Tuesday, 18 June 2013

In the Google age, approach to education needs a rethink

Would a person with good handwriting, spelling and grammar and instant recall of multiplication tables be considered a better candidate for a job than, say, one who knows how to configure a peer-to-peer network of devices, set up an organisation-wide Google calendar and find out where the most reliable sources of venture capital are, I wonder? The former set of skills is taught in schools, the latter is not.

In school examinations, learners must reproduce facts from memory, solve problems using their minds and paper alone. They must not talk to anyone or look at anyone else’s work. They must not use any educational resources, certainly not the Internet.

When they complete their schooling and start a job, they are told to solve problems in groups, through meetings, using every resource they can think of. They are rewarded for solving problems this way — for not using the methods they were taught in school.

The curriculum lists things that children must learn.

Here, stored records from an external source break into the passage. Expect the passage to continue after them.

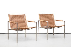 Omschrijving: Prachtige set van twee SZ01 fauteuils ontworpen door Martin Visser voor Spectrum. Deze fauteuil is ontworpen in 1960 en sindsdien in productie geweest. Wij hebben vernomen dat deze fauteuils uit de eind jaren 70 / begin jaren 80 komen. De afmetingen van het geborsteld verchroomd stalen frame hebben nog de ‘ouderwetse’ hoogte ten opzichte van de modellen vanaf de jaren 90, die drie centimeter hoger zijn. De stoelen zijn 60 cm breed, 65 cm diep en 71 cm hoog. De zithoogte van de fauteuils is 38 cm. Bij voorkeur worden de fauteuils als complete set verkocht.
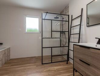 Maison entièrement rénovée en 2011 (toiture, menuiseries, isolation, électricité, chauffage...) et en 2024 (clôture, garage, volets roulants solaires + moustiquaires, panneaux photovoltaïques conso + revente, portail motorisé) d'environ 118 m², cadastrée sur 984 m² de terrain.
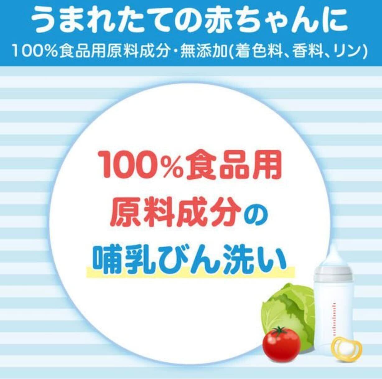 「『ピジョン 哺乳びん洗い』は、赤ちゃんの大切な哺乳瓶を清潔に保つために設計された洗浄剤です!100%食品用原料成分を使用しているため、安心して使用できます。」
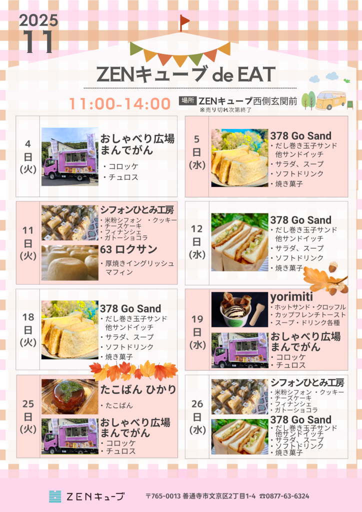キッチンカーがZENキューブ西側玄関前に登場する「ZENキューブde EAT」の11月の出店者様については上記画像をご覧ください!
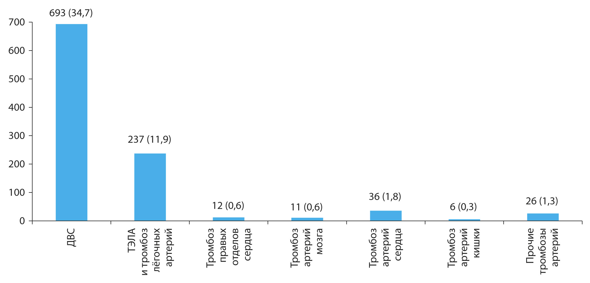 Рис. 2. Частота (абс. цифры и %) тромботических и тромбоэмболических осложнений у умерших от COVID-19 (n=2000) Примечание. Тромбоз коронарных артерий сердца, артерий головного мозга и других органов наблюдался независимо от наличия и тя- жести атеросклероза; тромбоэмболия лёгочной артерии (ТЭЛА) и тромбоз лёгочных артерий представлены вместе в связи с воз- можной ошибкой дифференциальной морфологической диагностики [18]. ДВС — диссеминированное внутрисосудистое свёртывание.

There is no list stating why these things are important. A child being taught the history of Vikings in England says to me: “We could have found out all that in five minutes if we ever needed to.”

One of the teachers who works with me said to her class of nine-year-olds: “There is something called electromagnetic radiation that we can’t see, can you figure out what it is?”

The children huddle around a few computers, talking, running around and looking for clues. In about 40 minutes, they figure out the basics of electromagnetism and start relating it to mobile signals.

One of them says: “Aren’t we going to do any work?”

“What do you think you were doing?” asks the teacher.

If examinations challenge learners to solve problems the way they are solved in real life today, the educational system will change forever. It is a small policy change that is required. Allow the use of the Internet and collaboration during an examination.

If we did that to exams, the curriculum would have to be different. We would not need to emphasise facts or figures or dates. The curriculum would have to become questions that have strange and interesting answers. “Where did language come from?”, “Why were the pyramids built?”, “Is life on Earth sustainable?”, “What is the purpose of theatre?”. Questions that engage learners in a world of unknowns. Questions that will occupy their minds through their waking hours and sometimes their dreams.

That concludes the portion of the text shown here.